Barbeary has certainly drawn eyeballs this season, establishing himself as the ball-carrying bastion of a Bath back row and influential in their emergence as Premiership title contenders. The 23-year-old has long been considered one of English rugby’s top prospects since his days as a schoolboy centre, impressing in Wasps’ academy as a dynamic hooker but now thriving as a bruising No 8.

Alfie Barbeary has been in outstanding form for Bath (Getty Images)
Alfie Barbeary has been in outstanding form for Bath (Getty Images)

“There was always a question mark over which position I’d choose,” Barbeary explains. “At the time, Eddie Jones wanted me at hooker and Wasps wanted me in the back row. But what do I enjoy doing most? Carrying the ball, and I feel like in the back row I get those opportunities a lot more.

“I’ve worked a lot on repeatability. When I came to Bath, they wanted me as their prime ball carrier. I worked a lot on how I could find myself on the ball a lot more, and as the season has gone on those stats have increased.

“When you become a ball carrier in the side, you can get targeted a little bit. I’m not saying I’m anything special. You look at the big ball carriers and you know where teams get their go forward. If you stop them, you can change the game.

“It’s about how you adapt to it. You can either take it and get smashed for 80 minutes or be the ones on the front foot. I’m working on how I can dictate where I want the defender to be. Rather than letting them have dominance over me, how can I manipulate them for the team’s best interests? It’s only bringing out the best in me and the best in Bath. They are making me look good so I’m happy, and they seem happy with me.”

Barbeary is loving life at Bath, putting an injury-disrupted first season in the city behind him. The 23-year-old arrived at the club in November 2022 with a hamstring issue, before suffering a knee injury that required surgery on debut. An annus horribilis had already provided challenges enough with the demise of Wasps. Barbeary had been with the Coventry-based club since his first days knocking about at Banbury RUFC; the youngster did not expect his time in the Midlands to come to such an abrupt end.

Barbeary is looking forward to reuniting on the pitch with a couple of former Wasps colleagues (Getty Images)
Barbeary is looking forward to reuniting on the pitch with a couple of former Wasps colleagues (Getty Images)

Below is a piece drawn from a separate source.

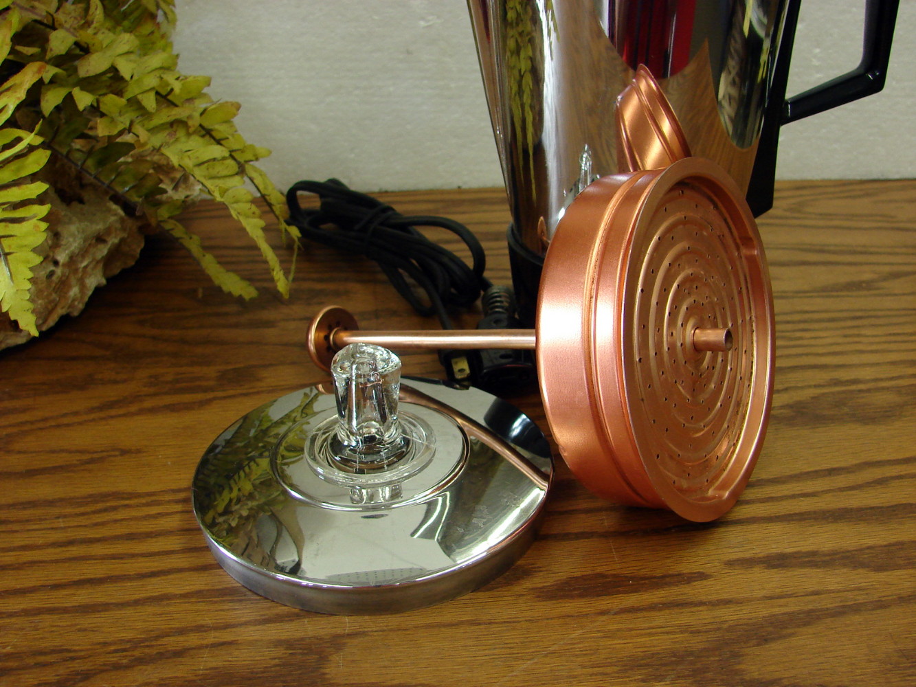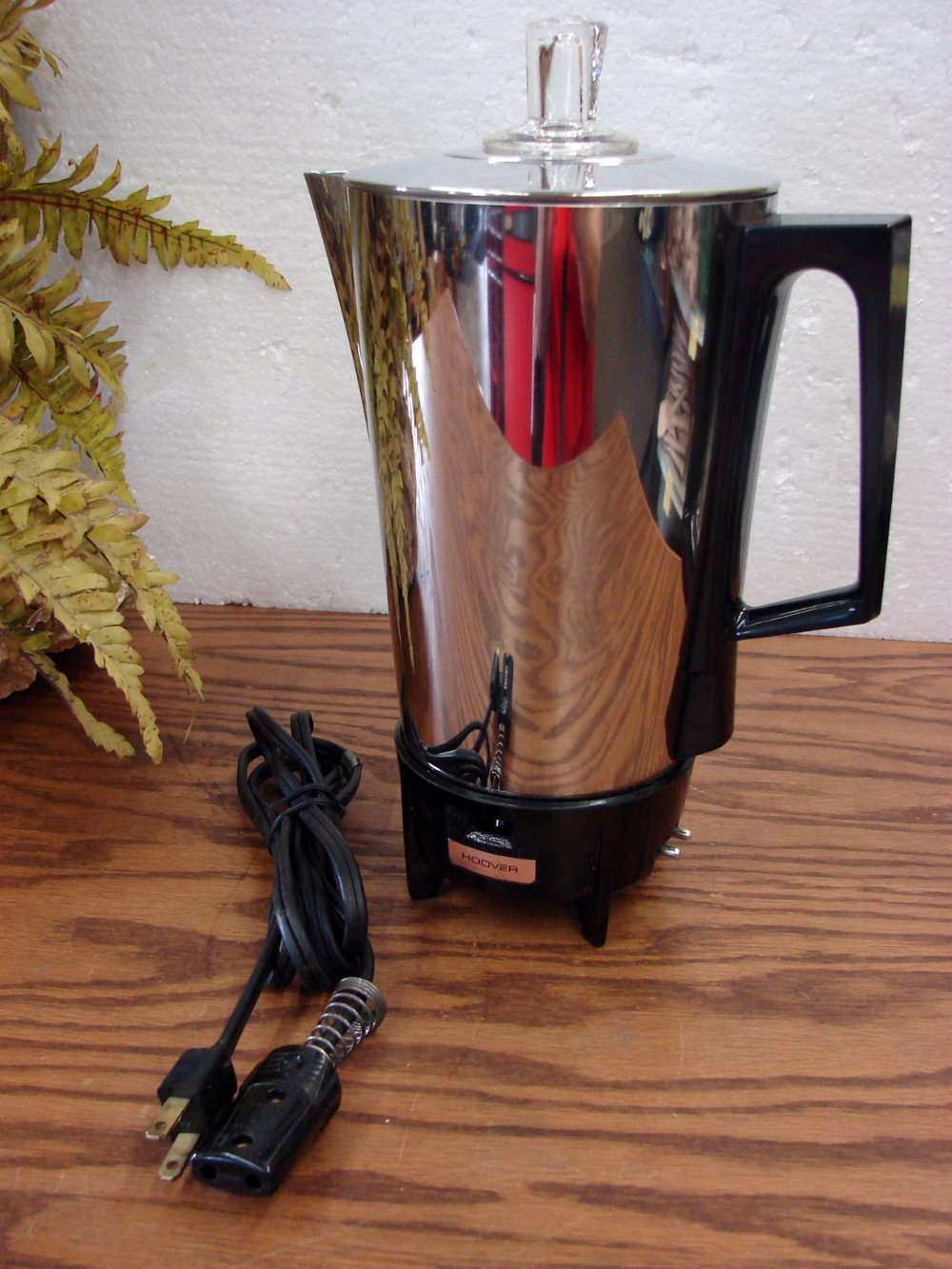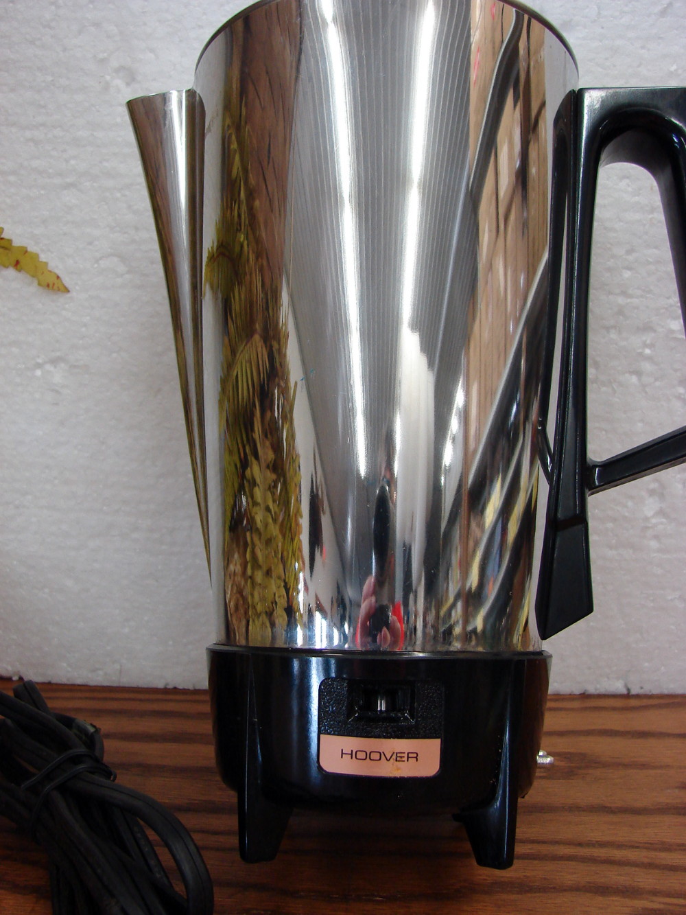Beautiful vintage Hoover Electric Coffee Percolator with a Rocket shape. Clean and works as intended. Model 8800. Free from damage, some normal light usage wear. Not sure as it works as it is but seems it should have some protective film over the ready light. Catch a peek at that awesome huge flat filter assembly, making sure you get all the good drops of coffee. Tested and working.

Before arriving in England A camp, Barbeary caught up over a coffee with fellow squad members Charlie Atkinson and Olly Hartley, two more ex-Wasps forced to pick up things and begin elsewhere. They form part of an exciting squad named by George Skivington to face World Cup darlings Portugal, the visitors under-strength due to the ongoing Rugby Europe campaign but sure to test a relatively inexperienced England group.

Thrusting Saracens centre Hartley and crafty fly half Atkinson, who swapped Leicester for Gloucester over Christmas, join their old Wasps chum among those bidding to prove themselves in a bright bunch of international hopefuls. For Barbeary, a starter at No 8, the chance to pull on an England shirt of any kind is special after all of the bumps in the road – but he knows Borthwick will be watching on.

“It’s been a crazy 18 months,” he admits. “New clubs, redundancies, injuries – you name it. To all be here as friends who grew up from the age of 13 or 14 together is a surreal experience. There is that buzz around camp where guys are excited to prove a point and represent their country.

“I think it is a great stepping stone – everyone’s ambition is to play for their country, and I think England A is a great idea to make it as seamless a transition as possible when people do get that opportunity.

Bath bruiser Barbeary is on Steve Borthwick’s radar (Getty Images)
Bath bruiser Barbeary is on Steve Borthwick’s radar (Getty Images)

“It will be a very proud moment for me and my family. They’ve put up a lot with injuries, my breakdowns over injuries, my head losses. For me, I can go out and represent England again, which I haven’t done since I was 18 or 19. I think this is an opportunity to push on and maybe catch the eye of Steve. We know England are watching and we want to prove that we can take the next step.”